Prima della pandemia veniva utilizzato di frequente negli Stati Uniti per definire particolari situazioni di emergenza, nelle quali le persone non possono né uscire né entrare in un edificio o un luogo specifico. Un lockdown viene per esempio deciso tempestivamente da una scuola quando è in corso una sparatoria nei suoi edifici, in modo da proteggere gli studenti chiusi nelle classi, oppure alla Casa Bianca quando ci sono rischi per l’incolumità del presidente.

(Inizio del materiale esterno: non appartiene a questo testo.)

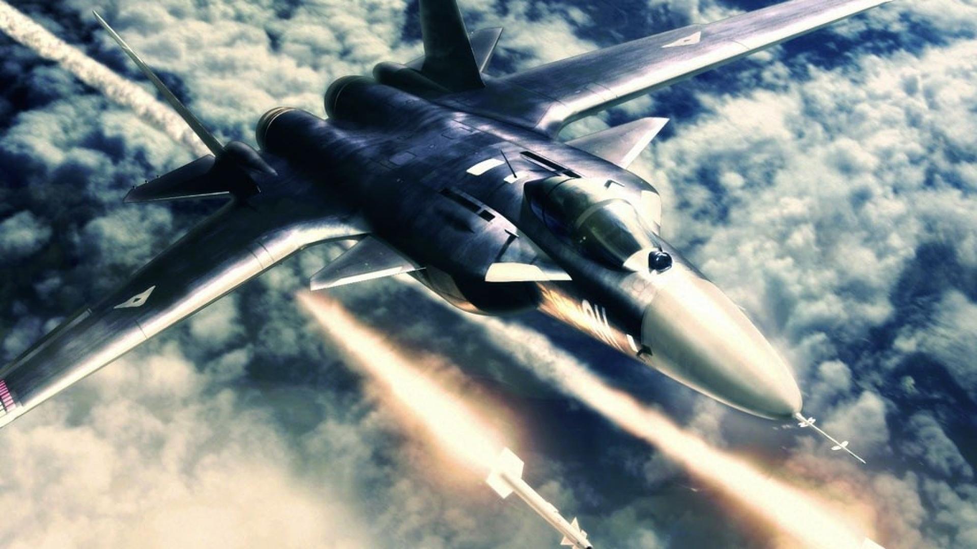 Description: A fighter jet flying through the air with a sky background full of clouds and smoke behind it and a flag flying in the air.
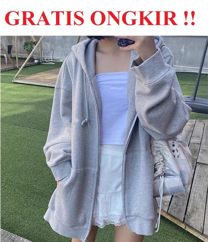Oversize Hoodie polos Zipper jaket Switer Wanita Korea dupe carla by libra

Dall’inizio della pandemia il termine è stato usato sempre più di frequente, prima nei paesi dove si parla l’inglese e poi nel resto del mondo, per definire le varie politiche introdotte per contenere i contagi da coronavirus.

In Italia nelle prime settimane del 2020 si era parlato spesso di “chiusure” riferite alle limitazioni molto rigide imposte nella città di Wuhan, dove si era verificata la prima epidemia da coronavirus. Nei mesi seguenti la parola lockdown era diventata sempre più ricorrente sulla stampa estera in lingua inglese: era la principale fonte per le notizie sulle attività di contenimento della pandemia in varie aree del mondo. Il termine era diventato infine molto diffuso anche in Italia in concomitanza con l’introduzione delle misure di confinamento tra marzo e inizio maggio 2020.

Da allora ci si è riferiti a quel periodo come al “primo lockdown”, ma il termine è stato via via utilizzato per descrivere l’introduzione di successive limitazioni, meno rigide e modulate come nell’autunno-inverno tra 2020 e 2021. La stessa cosa è avvenuta in molte altre parti del mondo, dove la parola ha assunto significati diversi e sfumati, a seconda delle politiche attuate nei singoli paesi.

Ci sono del resto numerosi altri termini che vengono utilizzati per descrivere le varie tipologie di limitazioni. Le definizioni derivano spesso dall’inglese e comprendono: “stay-at-home order” (“ordine di rimanere in casa”), “safer-at-home order” (“ordine di rimanere di preferenza a casa”), “movement control order” (“controllo dei movimenti”) e “self-isolation” (“autoisolamento”). In alcuni paesi “lockdown” è anche diventato sinonimo di quarantena, che in molti casi dovrebbe riguardare singoli individui, e di coprifuoco, che indica invece particolari limitazioni che entrano in vigore per alcune ore della giornata.

Come avviene per molti termini il cui significato cambia ed evolve rapidamente a causa delle circostanze, soprattutto se eccezionali come quelle di una pandemia, non c’è una definizione univoca e condivisa della parola lockdown. C’è quindi il rischio di generare qualche confusione, se non viene utilizzata insieme ad altre definizioni. Indicare che un lockdown è “parziale” può aiutare a distinguere meglio il tipo di limitazioni in vigore, soprattutto per le persone che associano quella parola a un preciso momento di rigide restrizioni, come quelle imposte a inizio 2020 in Italia.